Суть ситуации автор обозначил как «вторжение сегодняшнего дня в деревню вот в таком выверте неожиданном». Придумав этот анекдотический ход, Шукшин использует его сполна в смыслообразовании рассказа, в частности, созидает смеховые эффекты через трагикомическую игру добра со злом. Сама идея «выверта» есть неожиданное средоточие болевых точек советской реальности, основанной на насильственном эксперименте. Страшный разрыв между мечтой и реальностью, желаемым и действительным рождает пассионарный эффект — желание властвовать и прекрасно жить у одних и страшную зависть у других, обделенных при дележе общественного пирога. Третьи же (элита) умно и цинично осуществляют извечное «разделяй и властвуй», поощряя самые низменные пороки толпы, прикрываясь при этом красивыми лозунгами и демагогическими декламациями. Замысел рассказа как раз в попытке высветить данный сложный конфликт в клубке проблем. В рабочих записях читаем: приехал «знатный» человек в родную деревню погостить; вечером за разговорами «один» такую «сволочную ахинею» понес... Мужики «с ужасом и изумлением» слушают «идиота, который, впрочем, не такой уж идиот»29. Действительно, завистник очень даже непрост. Он весьма начитан, не имея высшего образования, он, тем не менее, ориентируется в потоке информации, выказывая особый интерес к философским проблем, к истории и политике. И Шукшин где-то доказателен в «победах» Глеба Капустина, остроумно высмеивая «образованцев» (позаимствуем термин у Солженицына) и некомпетентность наших скороспелых профильных специалистов. К примеру, это же надо перепутать по-школярски графа Ростопчина, отдавшего приказ о поджогах в Москве в 1812 году, с мужиком Гришкой Распутиным, как это «осуществил» «знатный человек» — полковник (безусловно, имеющий высшее военное образование, включающее в себя знание отечественной истории всенепременно).

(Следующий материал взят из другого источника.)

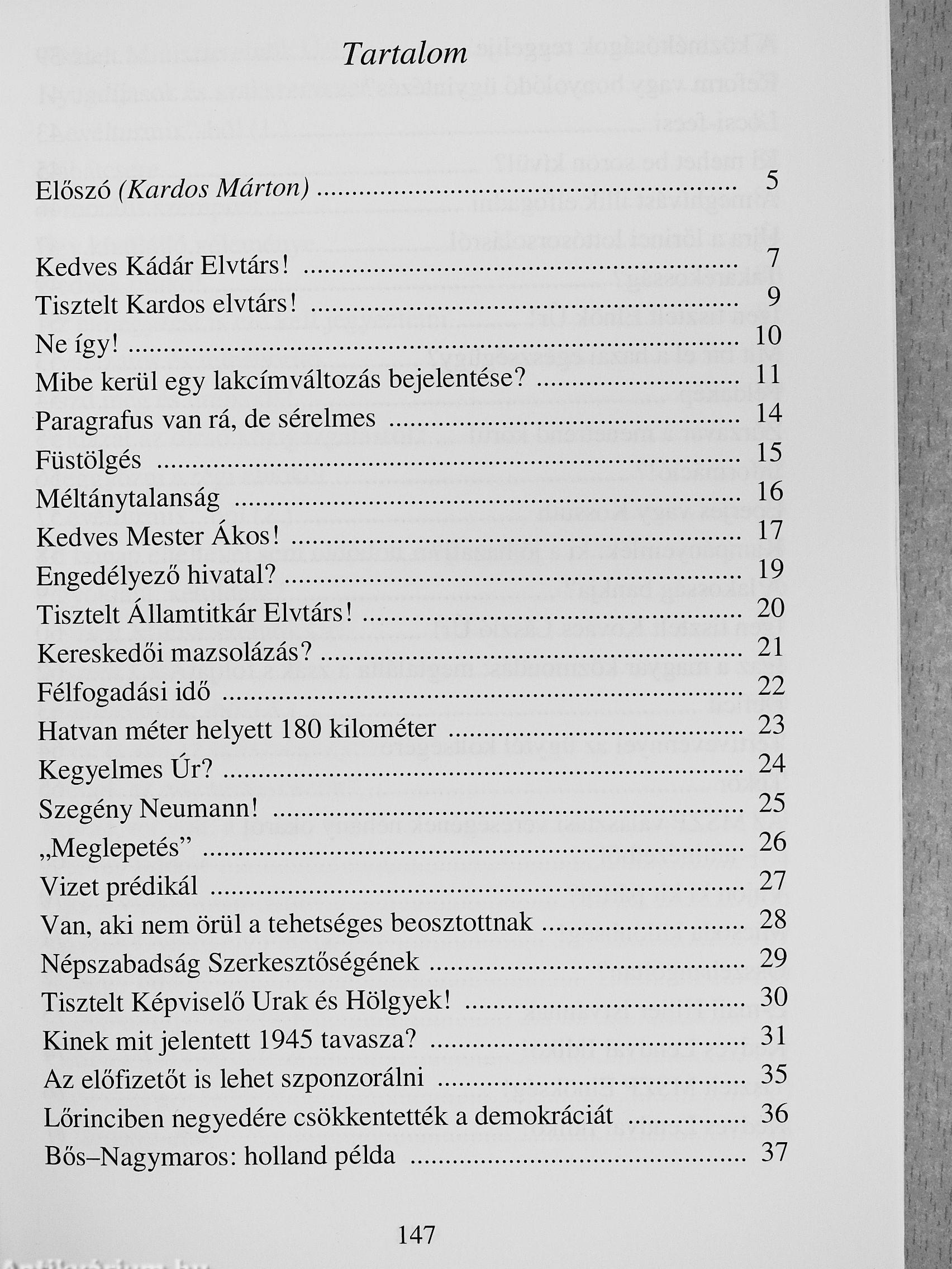 Az 1960-as évektől vettem a bátorságot, hogy ezeket nyilvánosan szóvá tegyem. Később leirtam és elküldtem különböző országos és helyi vezetőknek és újságoknak. A kötet e levelekből összeállított válogatást tartalmaz.
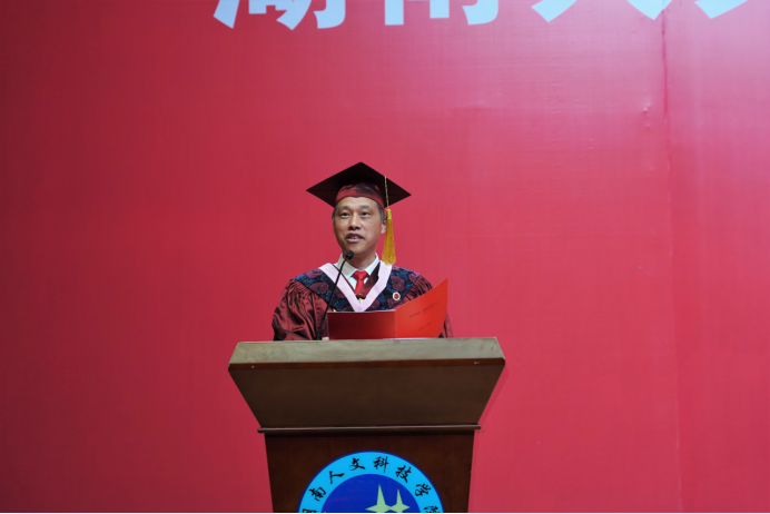 党委书记刘铁铭致辞。他向2023届圆满完成学业的学子致以最热烈的祝贺!向辛勤培育学生的老师们和一路陪伴的亲友们致以最衷心的感谢!向回校观礼的往届校友致以最诚挚的欢迎!刘铁铭表示,2023届毕业生是最为特殊的一届毕业生。受疫情影响,同学们经历了从抗疫始发到基本结束,度过了最长的寒暑假。但面对这场疫情大考,同学们主动参与、积极配合,不惧困难、奉献爱心,为抗击疫情作出了积极贡献,展现了良好的精神风貌和责任担当,彰显了人文科技学子蓬勃向上的青春力量。四年来,同学们参与和见证了学校的快速发展。学校事业的每一点进步都凝聚着同学们的青春汗水,学校前进的每一个步伐都留下了同学们拼搏进取的印记。他向2023届毕业生表示由衷感谢!
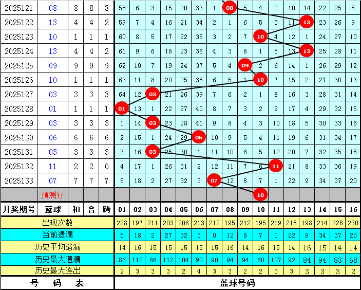 蓝球分析:上期蓝球开出号码07,下降4个点位,最近10期蓝球号码升平降分别为:升、降、升、降、降、升、升、降、升、降,本期防蓝球号码上升,一码蓝球关注10。
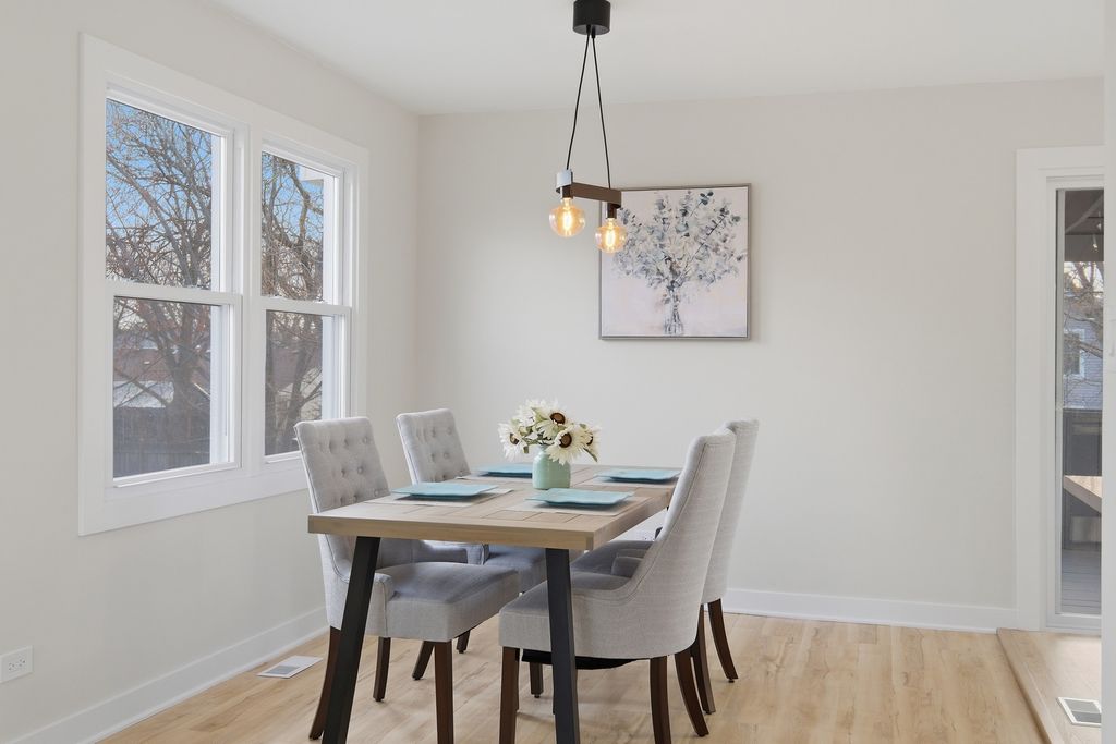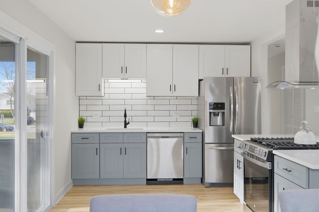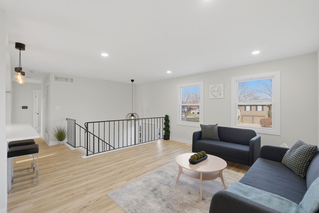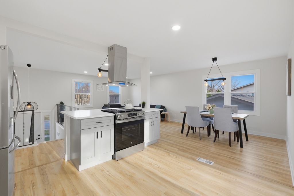 Move right into this updated 4-bedroom, 2.5-bath raised ranch with a 2-car attached garage. The bright main level offers an open flow between the living room, dining area, and kitchen, with light flooring, recessed lighting, and large windows that bring in abundant natural light. The kitchen features brand-new stainless steel appliances, new shaker-style cabinetry, subway tile backsplash, a center island, and easy access to the covered deck.Additional updates include brand-new windows throughout, newer siding,new luxury vinyl flooring, fresh interior paint, brand-new 2-panel doors throughout, a brand-new water heater, and a newer furnace. Both bathrooms have been fully updated, including a new tub, tile, and vanity on the main level, along with a new shower, vanity, and tile on the lower level. LED lighting has also been updated throughout the home. The finished walkout lower level adds flexible living space, while the fenced backyard, covered patio, and mature trees create inviting outdoor areas to enjoy.
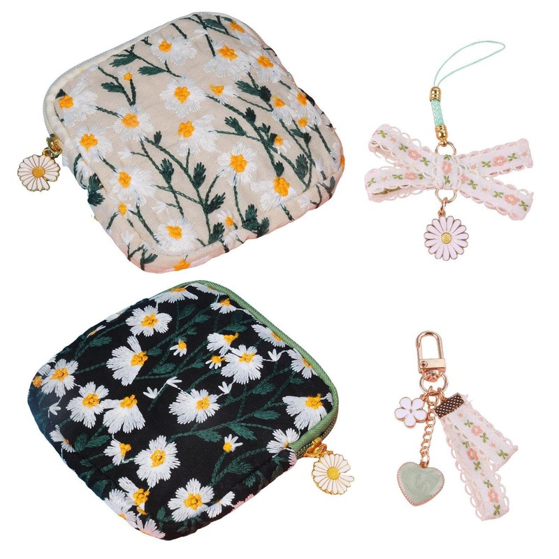1. This Product Includes A Cute Daisy Embroidered Storage Bag And A Uniquely Designed Keychain, Suitable For Daily Storage And Decoration.
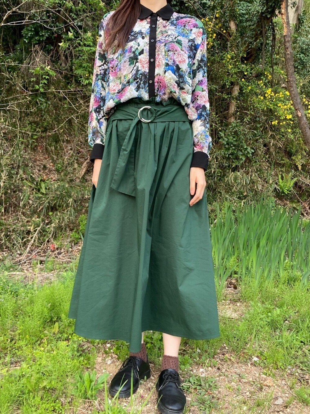 botanical🌱🌼 この派手柄のシアーシャツ、 着回しが効きやすいので好きです♡ シャツ×ロンスカのシンプルコーデが、 柄を持ってくるだけで、一気に華やかに。
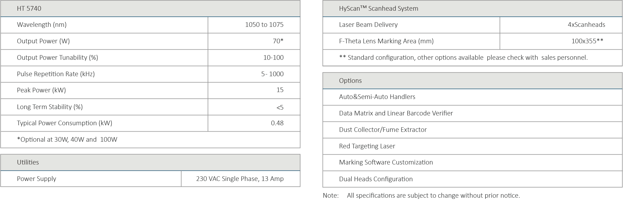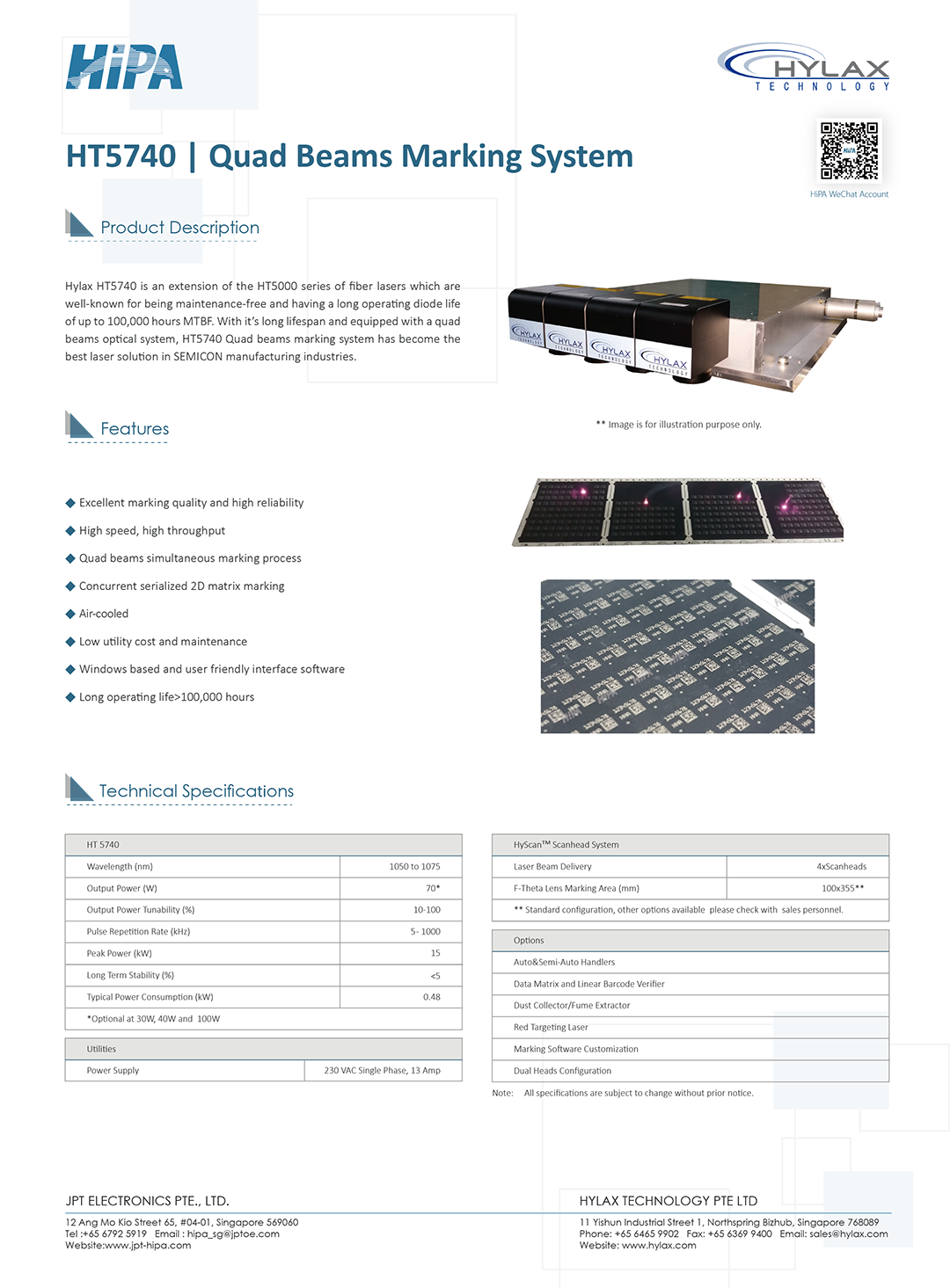 Hylax HT5740 is an extension of the HT5000 series of fiber lasers which are well-known for being maintenance-free and having a long operating diode life of up to 100,000 hours MTBF. With it’s long lifespan and equipped with a quad beams optical system, HT5740 Quad beams marking system has become the best laser solution in SEMICON manufacturing industries.
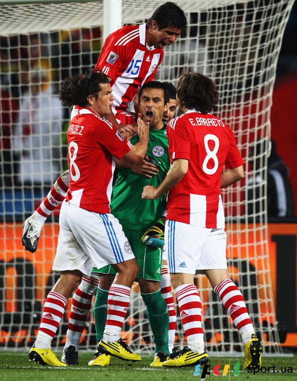 Не успели парагвайцы отгоревать свой упущенный шанс, как пенальти был назначен в их ворота. Вилья убегал от Алькараса, в штрафной стал тормозить-подставляться, в общем, аккуратно и грамотно заработал пенальти. И не захотел его бить, несмотря на всю бомбардирскую гонку. Есть задачи поважнее. Хаби Алонсо пенальти забил, но рано радовался и высоко прыгал. Судья заставил перебить из-за преждевременного входа в штрафную испанских футболистов. И вот тут, уже на максимуме драматизма, Вильяр взял второй удар Алонсо, и сумел также помешать добить Фабрегасу, а удар Рамоса блокировал да Сильва. Отбился Парагвай, в серии пенальти счет так и не был открыт.
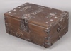 | 74 | An Eastern hardwood trunk with hinged lid and iron drop handles 40cm h x 87cm w | 40-60 |
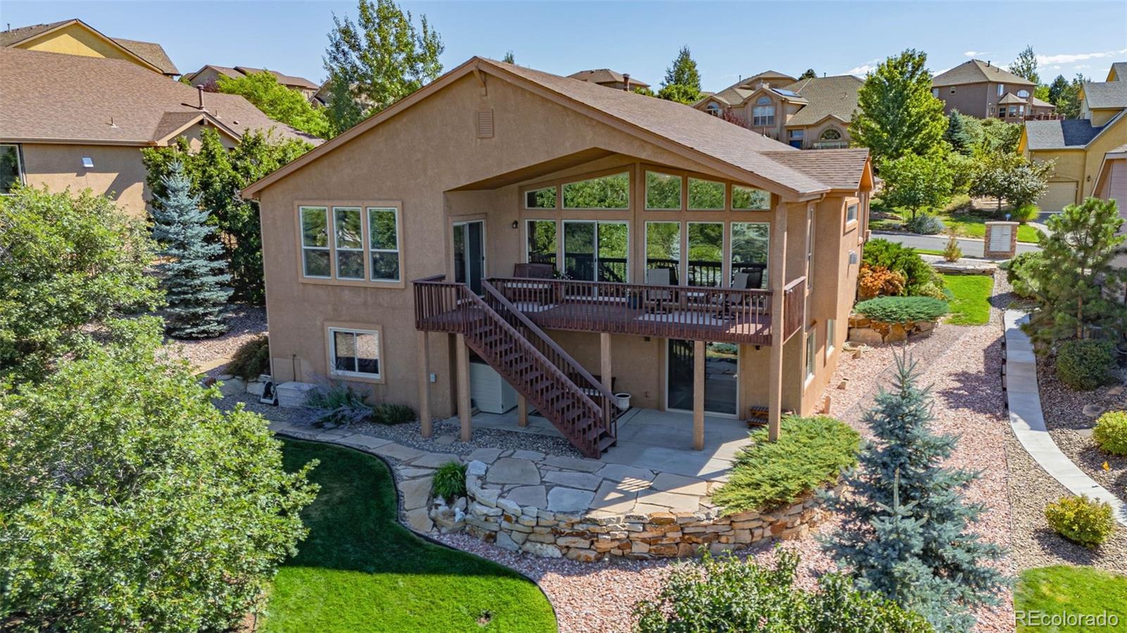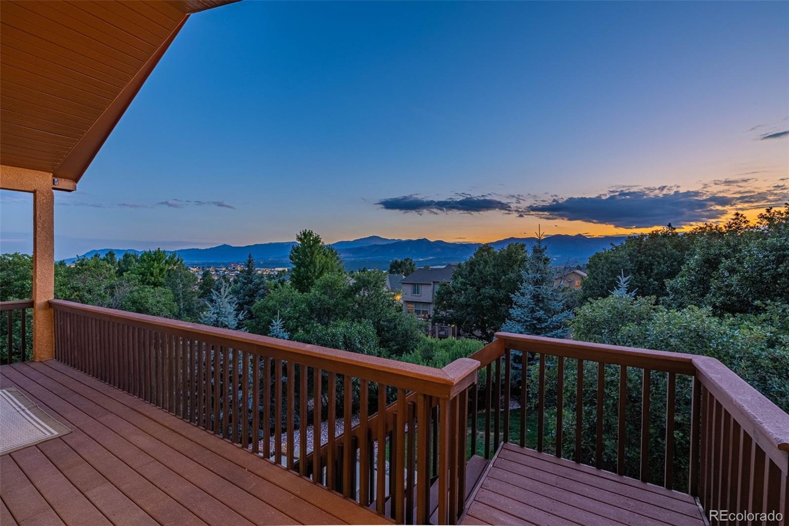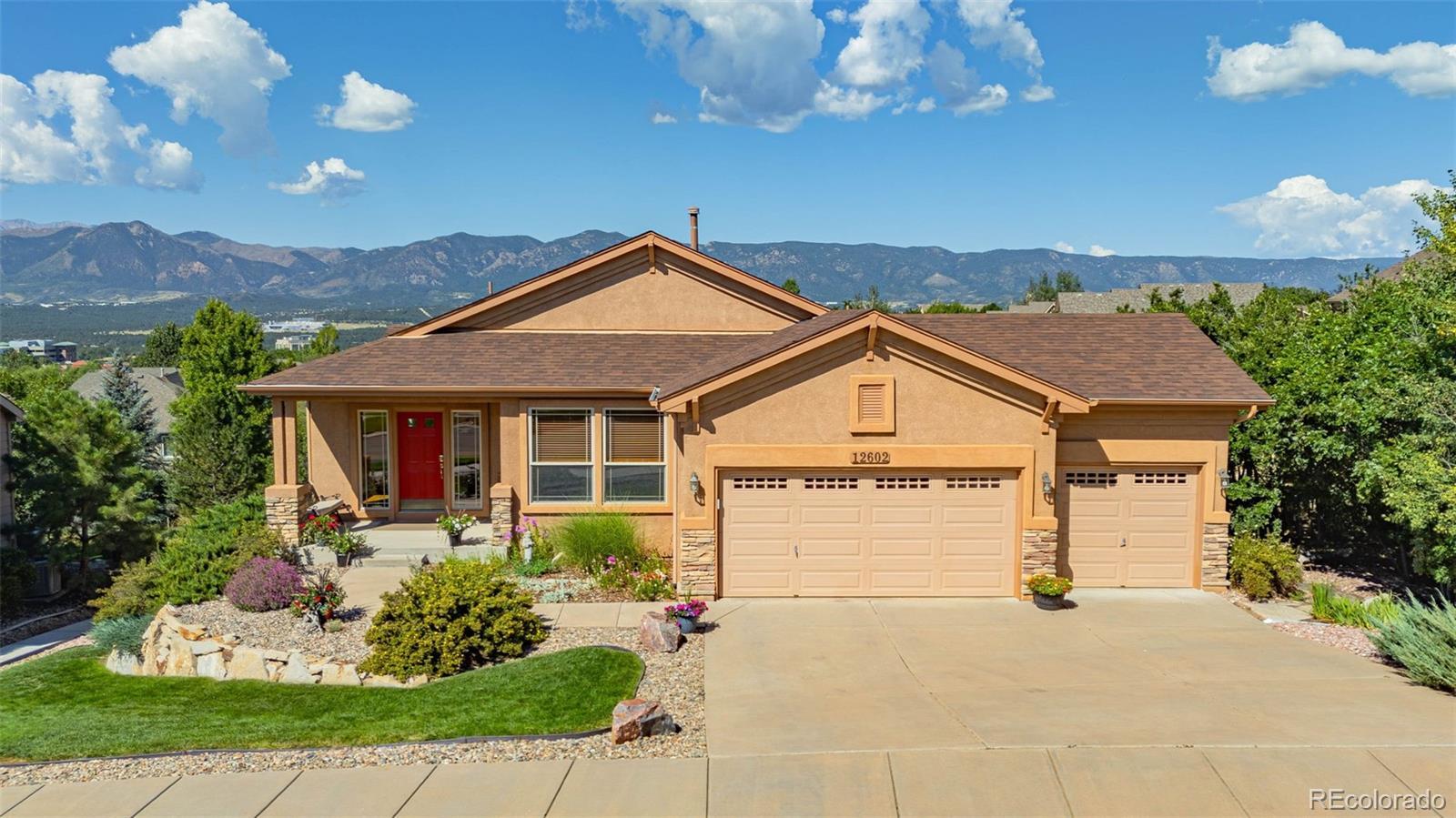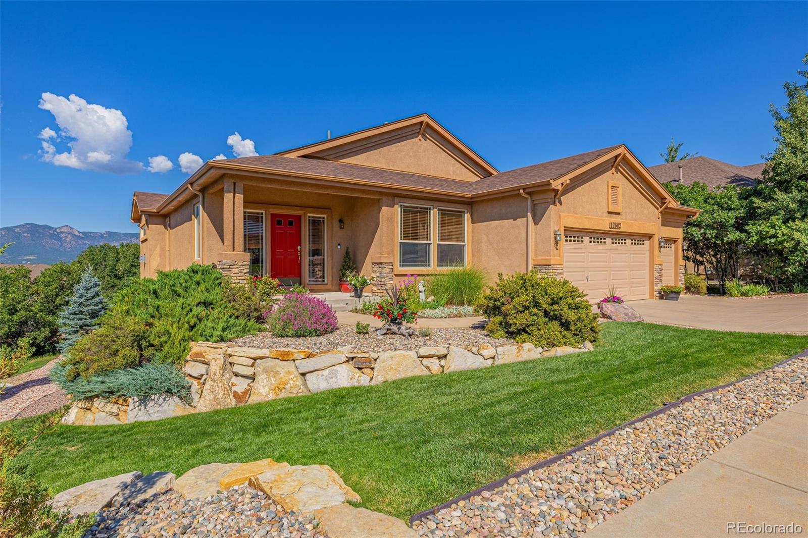 UNMATCHED Front Range views, refined finishes, and a seamless ranch-style layout — this home captures the very best of Colorado Springs living! This stunning home features unobstructed views of the entire Front Range, including the majestic Pikes Peak, from the covered composite deck. The views can also be enjoyed from the Kitchen, which features a large island with quartz countertops and backsplash, 42" maple cabinets with crown molding, touchless faucet, under-cabinet lighting, and a convenient appliance nook with outlets. Premium GE Profile appliances—including double ovens, induction cooktop and a 3-drawer refrigerator— will satisfy any home chef. The Main Level also offers real hardwood floors, gas fireplace, a stunning separate Dining Area, and vaulted ceilings to highlight those views. The primary suite is a true retreat, sharing the same dramatic Pikes Peak view, with separate deck access, a luxurious five-piece bath, and a massive walk-in closet with heated floors and custom closet system. The heated floors continue into through the Bath, Closet and into the mud room, which features a utility sink. The fully finished walkout basement extends the living space, offering its own stunning mountain views, abundant storage across three areas, and recessed lighting throughout. The secondary bedrooms are spacious, and the curb appeal is spectacular. A rare find, this home features exquisite touches throughout! Enjoy the home's elegance, functionality, and Mountain Contemporary style in one of the premier neighborhoods in Northgate- Middle Creek! Welcome Home.

Но «сволочизм» ахинеи, которую несет завистник Глеб Капустин, именно в том, что «в одно место» намеренно «сволочено» и разумное, но «и сор, и бурьян», а зерна не отделены от плевел нарочно, ведь «сволочь», по В. Далю, — это «дрянной люд, шатуны, воришки, негодяи, где-либо сошедшиеся» для темных дел — «украсть что, утащить незаметно, по-воровски»30. Вот почему смешной каскад вопросов «из разных мест» («Как насчет первичности?», «Как вы лично относитесь к проблеме шаманизма в отдельных районах Севера?», «Как вы относитесь к тому, что Луна тоже дело рук разума?» [V, 74, 75] при замешательстве и беспомощности «отвечающих», умных и знатных, незаметно перерастает в негодяйство — в ёрнический уход от реальности, и всё для того, чтобы подпитать зависть.

В этом плане читатель не сразу замечает перемещение центра тяжести с Глеба на мужиков. Между тем такая реакция запрограммирована автором: ему надо, чтобы читатель «воткнулся» в суть проблемы. Действительно, одно дело феномен «знатока», злого умника (пусть и в масштабах своей деревни), который играет в «слабое звено», другое дело — сюжетные отвлечения, когда мужики выступают и целью, и средством процесса «срезания» знатных людей, то есть по сути дела они — партия завистников. Они наводят на грех демагогии, даже поощряют жестокость. Кстати, есть любопытная работа «Реабилитация Глеба Капустина (К вопросу о типе шукшинского героя)»31. Исследователь, выступая адвокатом демагога и завистника, среди в общем-то здравых рассуждений чуть ли не простодушно удивляется: ведь мужики «изумлялись», «восхищались» Глебом, они же «подталкивали» Глеба к дискуссии. Но делали это для того, чтобы он «испытал духовный взлет» (так в тексте. — Л.Б.), а вовсе не потому, что потакали его жестокости. «Так недолго обвинить в жестокости и всех мужиков». Действительно, «недолго», тем более что писатель вовсе не снимает вины с мужиков, более того — он провоцирует читателя увидеть и такую ипостась «простых» людей: они могут быть жестокими, может быть, и пострашнее, чем сам Глеб Капустин! Другое дело, что такими могут быть «не все». Ведь если проследить за «полной цитатой» (как призывает автор «Реабилитации...»), то можно увидеть запрятанное, без абзаца, наблюдение: «<...> и тогда-то Глеб Капустин приходил и срезал знатного гостя. Многие были этим недовольны, но многие, мужики особенно, просто ждали, когда Глеб Капустин срежет знатного» [V, 72].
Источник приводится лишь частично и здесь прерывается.